Within two weeks, Al Qaeda in Iraq murdered American Nick Berg, who had been seeking work in the country. The group's then head, the Jordanian Abu Musab al-Zarqawi, dressed Berg in an Abu Ghraib-style orange jumpsuit and beheaded him on video. The practice of the Islamic State in Syria and Iraq, which grew out of Zarqawi's organization, of dressing up American and other captives in orange jumpsuits before they behead them is a legacy of that torture scandal.

It's also been public knowledge for some time that the US used simulated drowning ("waterboarding"), stress positions, and other forms of torture at the Guantanamo Bay prison camp in Cuba starting in 2002. And back to the Clinton Administration in 1995, the US had been "rendering" terrorism suspects to Syria, Egypt, Morocco, and Jordan – places where the torture of suspects is routine. For at least 20 years now, jihadi literature has been filled with claims of US-backed torture, either by US hand or outsourced to friendly regimes.

It could do some good

But a full and frank accounting of what the US did, who did it – and hopefully explaining what measures are going to be taken to prevent it from happening again – could ultimately do some good. While President Bush declared in 2005 that "we do not torture," no enemy or critic of the US was willing to give the country the benefit of the doubt anymore. Too much evidence had already accumulated to the contrary, and the fig-leaf of calling it "enhanced interrogation" didn't cover much.

This is a case of it taking years to build a good reputation, but only minutes to undo it. Perhaps the release of the full and official accounting of US behavior in the dark days and months after 9/11 will begin a process of regaining international trust on this issue.

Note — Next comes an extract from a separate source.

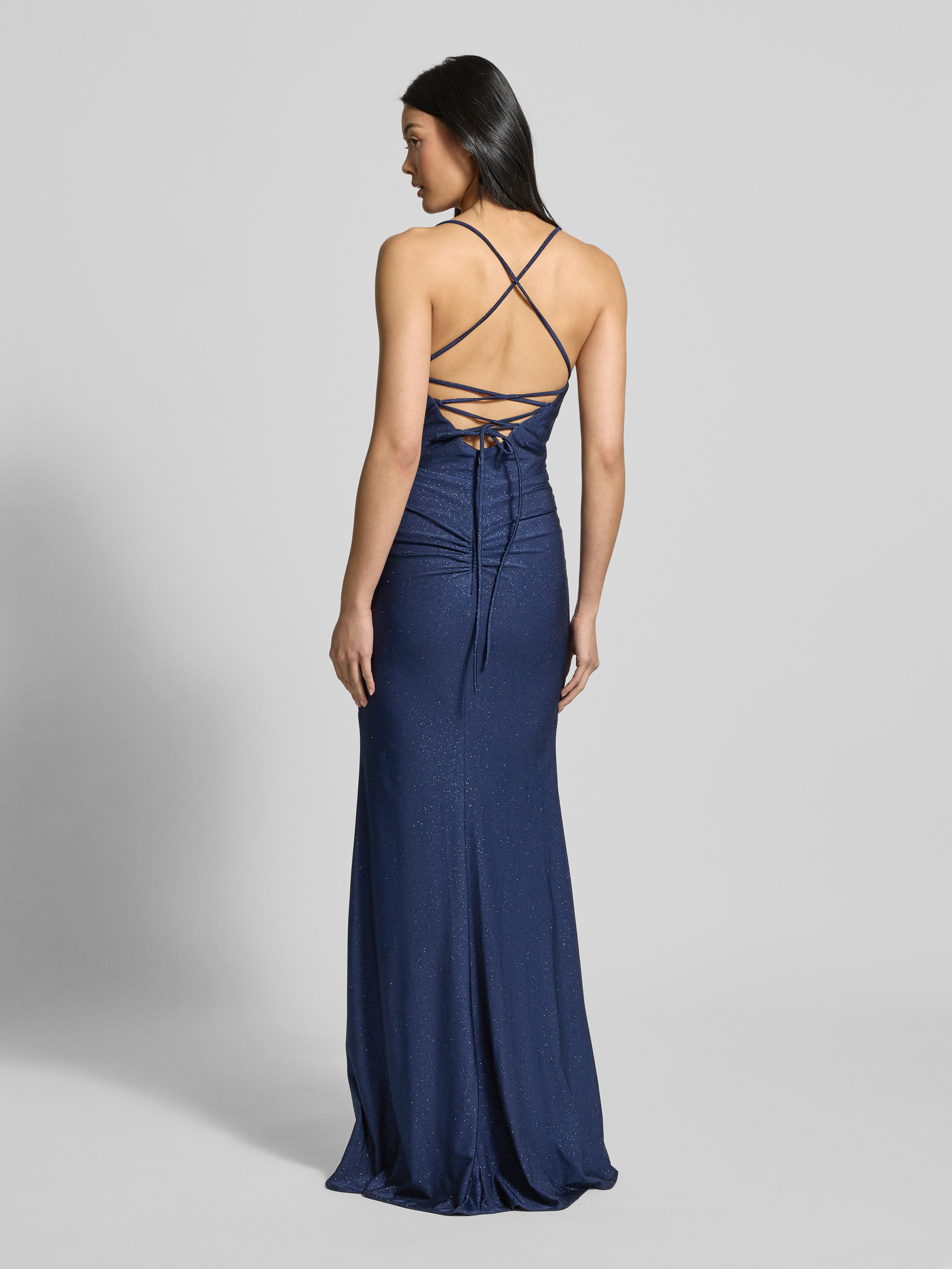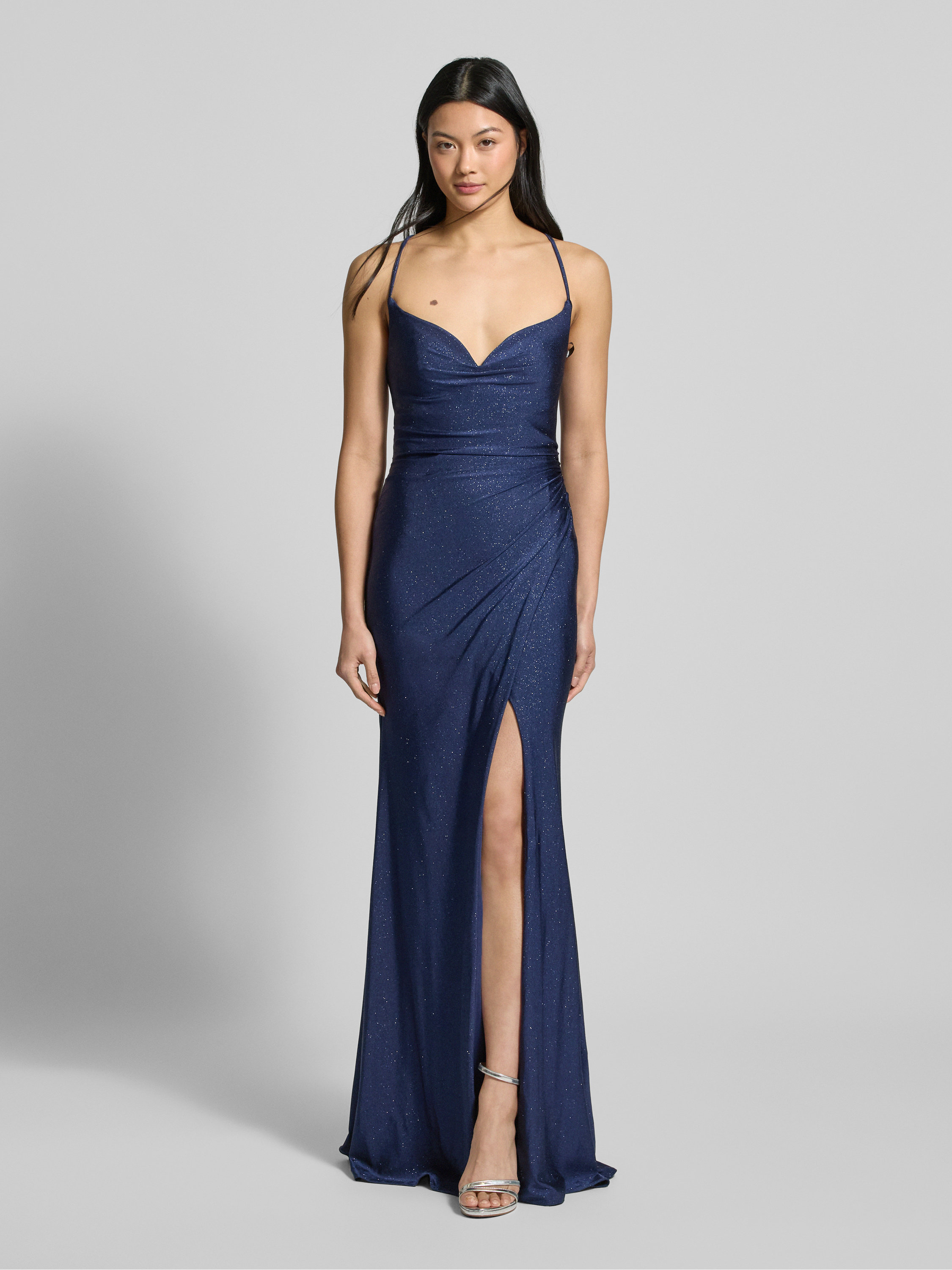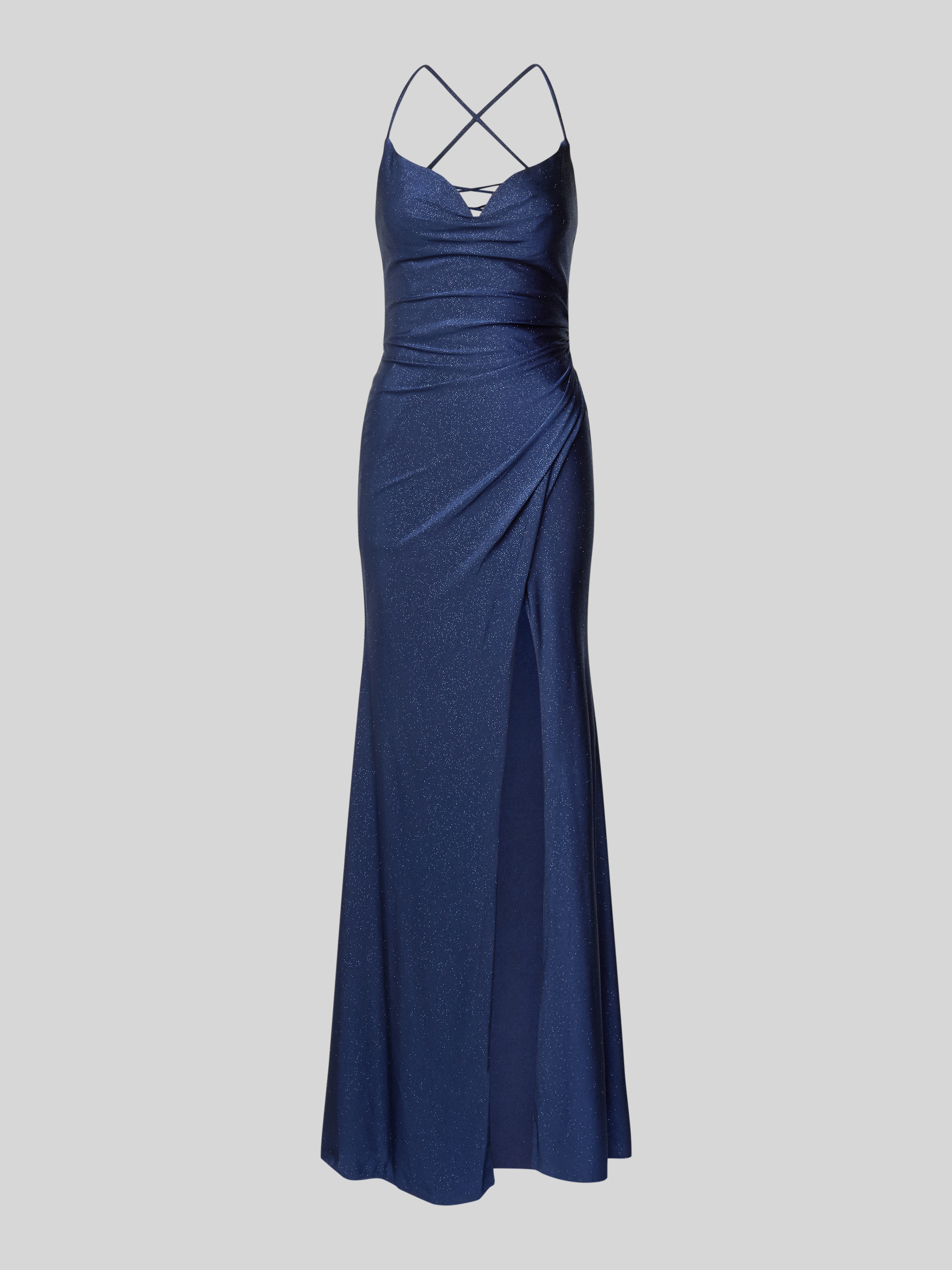 Das elegante Abendkleid von LUXUAR FASHION zieht mit seiner glitzernden Optik und dem tiefen Herz-Ausschnitt Blicke auf sich. Die eng anliegende Passform und die raffinierte Wickel-Optik schmeicheln der Silhouette. Spaghettiträger und ein gekreuzter Rücken verleihen dem Design eine besondere Note.
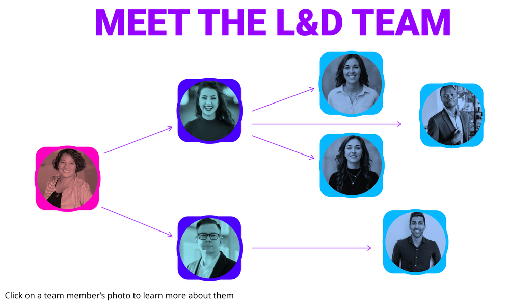 I chose to structure the experience around an organizational hierarchy because it provides learners with a clear and intuitive visual representation of how team members are connected. Rather than presenting information in isolation, this approach helps learners understand relationships, roles, and context at a glance, making the introduction feel more cohesive and purposeful.

Sen. John McCain, the Arizona Republican who endured repeated torture during his five years in a Vietnamese prisoner of war camp, has repeatedly called for the report to be declassified in the interests of America's honor and future. This is what he wrote about the issue in Dec. 2012

It is my sincerest hope that we Americans, for all of our many disagreements, can nonetheless manage to agree that torture of the kind described in this report is unworthy of our national honor and should no longer be a matter for discussion. It is my hope that we can reach a consensus in this country that we will never again engage in these horrific abuses, and that the mere suggestion of doing so should be ruled out of our political discourse, regardless of which party holds power. It is therefore my hope that this Committee will take whatever steps necessary to finalize and declassify this report, so that all Americans can see the record for themselves, which I believe will finally close this painful chapter for our country.

Our enemies may act without conscience, but we do not. It is indispensable to our success in this war that those we ask to fight it know that, in the discharge of their dangerous responsibilities to our country, they are never expected to forget that they are Americans, and the valiant defenders of a sacred idea of how nations should be governed and conduct their relations with others – even our enemies.

Those of us who have given our protectors this onerous duty are obliged by our history, and the many terrible sacrifices made on our nation’s behalf, to make clear that we need not risk our country’s honor to prevail – that through the violence and chaos and heartache of war, through deprivation and cruelty and loss, we are always Americans, and different, stronger and better than those who would destroy us.